When you take on any new type of eating lifestyle, it can seem overwhelming figuring out what foods you “can” and “cannot” or “should” and “should not” be eating. Even more so, it can be confusing if you don’t understand the reasons why certain foods are good for you to eat and while others are best just in moderation. The Paleo diet is no exception. There are many foods that are considered Paleo‐friendly but that are also the basic “meat” of the eating lifestyle (no pun intended). Here are a list of some of those foods and just why they are important to consume.
- Salmon ‐ Full of Omega 3’s, protein, iron, zinc niacin, Vitamins B6 & B12. These properties help fight inflammation, contain antioxidants, supply a healthy source of protein and help keep your heart healthy.
- Lean Beef‐ Lean cuts of beef pack a protein punch without a high amount of saturated fats. There are 29 cuts of lean beef to choose from.
- Chicken ‐ Versatile and healthy, chicken fulfills your protein needs while giving you a variety of ways to cook and prepare it. Opt for boneless, skinless chicken. Provides for over 20% of recommended daily intake for selenium and potassium.
- Turkey ‐ Contains protein, Vitamin C and iron. A great source of protein that can be bought either ground, sliced or as an entire breast.
- Beets ‐ In a class all their own, beets contain betalains, a phytonutrient that has anti‐ inflammatory, antioxidant and detoxification properties. Possible anti‐cancer benefits have also been linked to beets.
- Kale ‐ Extremely high in Vitamins A, K & C. Packed with antioxidants (carotenoids and flavonoids) and lutein, which helps the blood flow smoother throughout the body.
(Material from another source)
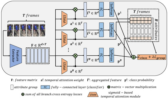 Finally, multi-branch classifiers are employed for multi-labeled attribute classifications as depicted in Figure 2. Notably, unlike the existing work [13], which trains multiple attribute classifiers by solely adopting independent classification losses, the proposed method reliably trains multiple classifiers using feature vectors constrained by a temporal attention module based on group sparsity.

- Spinach ‐ As with most veggies, low calorie content means you can eat a large quantity. Contains magnesium, Vitamin C and folate, just to name a few. Can possibly reduce your risk of cataracts and macular degeneration.
- Eggs ‐ Believe it or not, eggs are a great source of both protein and fat (Omega 3’s included!). They contain all 9 of the essential amino acids and contribute to your daily calcium intake.
- Avocado ‐ Full of potassium and healthy fats, avocado consumption has been linked to lower chances of contracting metabolic syndrome and possibly increasing HDL‐ the good cholesterol.
- Almonds ‐ Portable and filling, almonds are a great on‐the‐go snack and contain a good amount of calcium, magnesium, fiber and protein. Because Paleo diets don’t incorporate dairy, this is a great way to get your calcium intake up.
As you can see, none of these Paleo diet foods are much different choices than that of any healthy person, irrespective of diet, would eat on a regular basis. It’s important to make sure you are consuming an adequate amount of vitamins and minerals, especially if you are cutting stuff out of your “normal” diet as you transition to Paleo. Above all, remember to make healthy choices because they make sense to you, not because they fall into a specific diet or fad.